GRID ETF returned 34% over the past year by targeting the industrial equipment vendors and contractors powering the AI data center buildout — exposure that broad utility and industrial ETFs cannot replicate.
GRID ETF returned 34% over the past year by targeting the industrial equipment vendors and contractors powering the AI data center buildout — exposure that broad utility and industrial ETFs cannot replicate.

The First Trust NASDAQ Clean Edge Smart Grid Infrastructure Index Fund (GRID) returned 34% over the past year, outperforming broad utility and industrial ETFs by leaning into the electrical equipment makers and installation contractors selling into the AI power buildout.
The $7.65 billion fund tracks a Clean Edge smart-grid index that weights industrial equipment makers at 60% of assets, utilities at 18% and technology at 16%. That mix has delivered a 21% year-to-date gain and a 463% ten-year return, according to the fund's March filing.
"The urgent need to modernize the world's electrical grid due to the electrification of everything, the AI power crunch, and the global shift to renewable energy creates a multi-decade investment super-cycle," MarketBeat analysts wrote last summer, describing the thesis that has driven institutional inflows.

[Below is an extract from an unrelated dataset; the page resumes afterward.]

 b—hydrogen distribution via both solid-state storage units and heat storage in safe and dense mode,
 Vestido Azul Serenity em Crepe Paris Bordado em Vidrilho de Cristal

Concentration is meaningful. The top five positions — Eaton, Johnson Controls, National Grid, ABB and Schneider Electric — account for 41% of assets. But the largest holdings did not drive the one-year figure. Eaton returned about 15% over the past year, well below the fund itself. The lift came from second-tier names. Quanta Services, a 4% position, returned 73% over the same period and 56% year-to-date, the kind of contribution that lifts a diversified fund higher than any single anchor position would suggest.
What GRID Actually Owns
The portfolio is built around industrial equipment makers rather than utilities. Eaton is the single largest position at 8%, followed by Johnson Controls at 8%, National Grid at 8%, ABB at 8% and Schneider Electric at 7%. Quanta Services sits at 4%, which is high for a services contractor and reflects the index's tilt toward companies with direct exposure to transmission buildout backlogs. Beyond the marquee names, the fund reaches into semiconductor and software companies tied to grid modernization, including Nvidia at 2%.

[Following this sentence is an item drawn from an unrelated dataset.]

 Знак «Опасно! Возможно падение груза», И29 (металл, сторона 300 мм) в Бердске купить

At 0.56%, GRID's expense ratio sits above a plain vanilla utility ETF but below most thematic energy-transition products. A broad utility fund costs a fraction of that but delivers no exposure to the electrical equipment and contractor names that have driven much of the recent return. A generic infrastructure ETF built on American-listed heavy construction names would miss European transmission operators and Asian cable and switchgear manufacturers that populate the tail of GRID's book.
Tradeoffs and Who It Fits
Three factors define the risk profile. First, sector concentration: with industrials at over 60% of assets, a cyclical downturn in capital spending would hit this fund harder than a diversified equity index. Second, position concentration: the top-heavy weighting means the largest electrical equipment holdings drive a large share of daily moves. Third, market sensitivity: GRID carries a beta of about 1.26, so drawdowns in broad equities tend to be amplified.
The dividend yield of about 0.8% is thin, and the fund's dividend growth rate has been negative at around minus 4.6% as distributions have swung with realized gains rather than growing steadily. The portfolio price-to-earnings ratio of about 28 also suggests the mid-cap industrials and equipment names are not being bought cheaply. Short interest rose 289% month over month in April 2026, a signal that some sophisticated buyers are questioning valuation after the run.

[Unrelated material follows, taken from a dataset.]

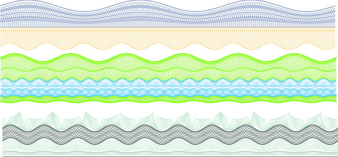 花边:用于印刷在产品的边缘,用各种不同的复合式花边,通过变化它的元素和色彩已达到装饰和防伪的作用。
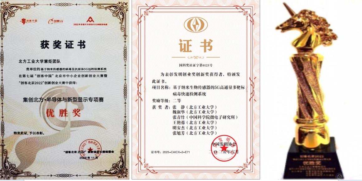 智能传感与微系统方向,聚焦生物技术与信息技术融合前沿,攻克高灵敏纳米线阵列传感器的量产难题,自主研发的“基于纳米场效应晶体管传感器的5G高通量多靶标微生物快速检测仪”获“创客北京2022”创新创业大赛优胜奖及2025年中国发明协会发明创业奖创新二等奖。同时积极探索研发仪器用高性能热释电红外探测器及NDIR气体传感器。

For an investor who already owns broad industrials and utilities, GRID probably is not needed — roughly 78% of the book falls into those two sectors. For an investor who wants targeted exposure to the electrical equipment and transmission buildout without picking individual names, the 0.56% fee buys a curated basket that has delivered on the thesis it was designed around. Income seekers should look elsewhere. The strategy is priced for growth exposure to grid modernization, and the fund has behaved accordingly.
The 34% return validates the fund's positioning as a pure-play on AI power infrastructure rather than a general utility or industrial holding. Investors will watch the next quarterly filing for shifts in the top holdings and any changes to the index methodology that could alter the portfolio's sector mix.
This article is for informational purposes only and does not constitute investment advice.